◆ Exercise requirements
The reply should be an exact repeat of the listing, with no pictures in it.

◆ Dataset extract
·····

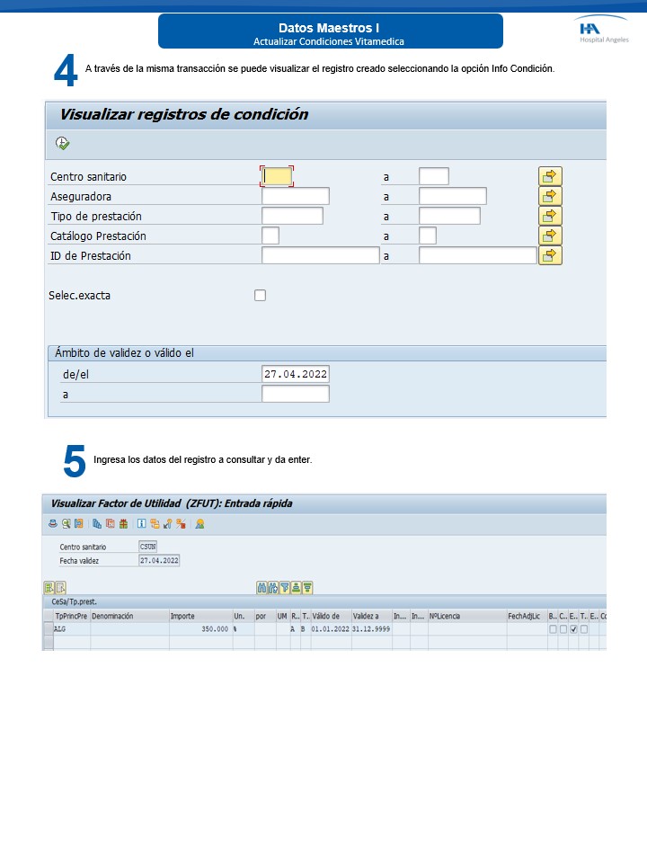 Datos maestros BE I - Actualizar Condiciones Vitamedica
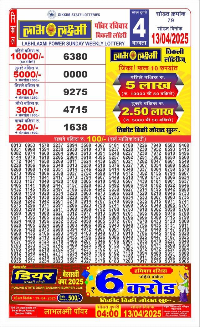 लाभ लक्ष्मी लाटरी 4 बजे दिनांक 08.9.25 का रिज़ल्ट
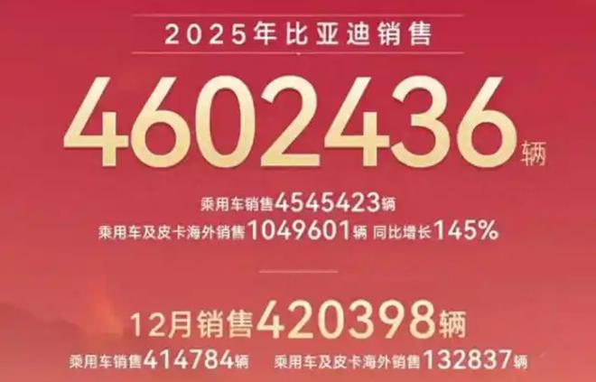 2025年,比亚迪全年销售460.24万辆,其中,乘用车销售4545423辆。乘用车及皮卡海外销售104.96万辆,同比增长145%。这是比亚迪首次海外出口销量突破100万辆,比亚迪刀片电池技术以及DM-i 混动技术的市场认可度和100%的新能源渗透率,契合海外市场需求,为其带来出口销量增长。

·····

◆ Answer space
 Datos maestros BE I - Actualizar Condiciones Vitamedica
 लाभ लक्ष्मी लाटरी 4 बजे दिनांक 08.9.25 का रिज़ल्ट
 2025年,比亚迪全年销售460.24万辆,其中,乘用车销售4545423辆。乘用车及皮卡海外销售104.96万辆,同比增长145%。这是比亚迪首次海外出口销量突破100万辆,比亚迪刀片电池技术以及DM-i 混动技术的市场认可度和100%的新能源渗透率,契合海外市场需求,为其带来出口销量增长。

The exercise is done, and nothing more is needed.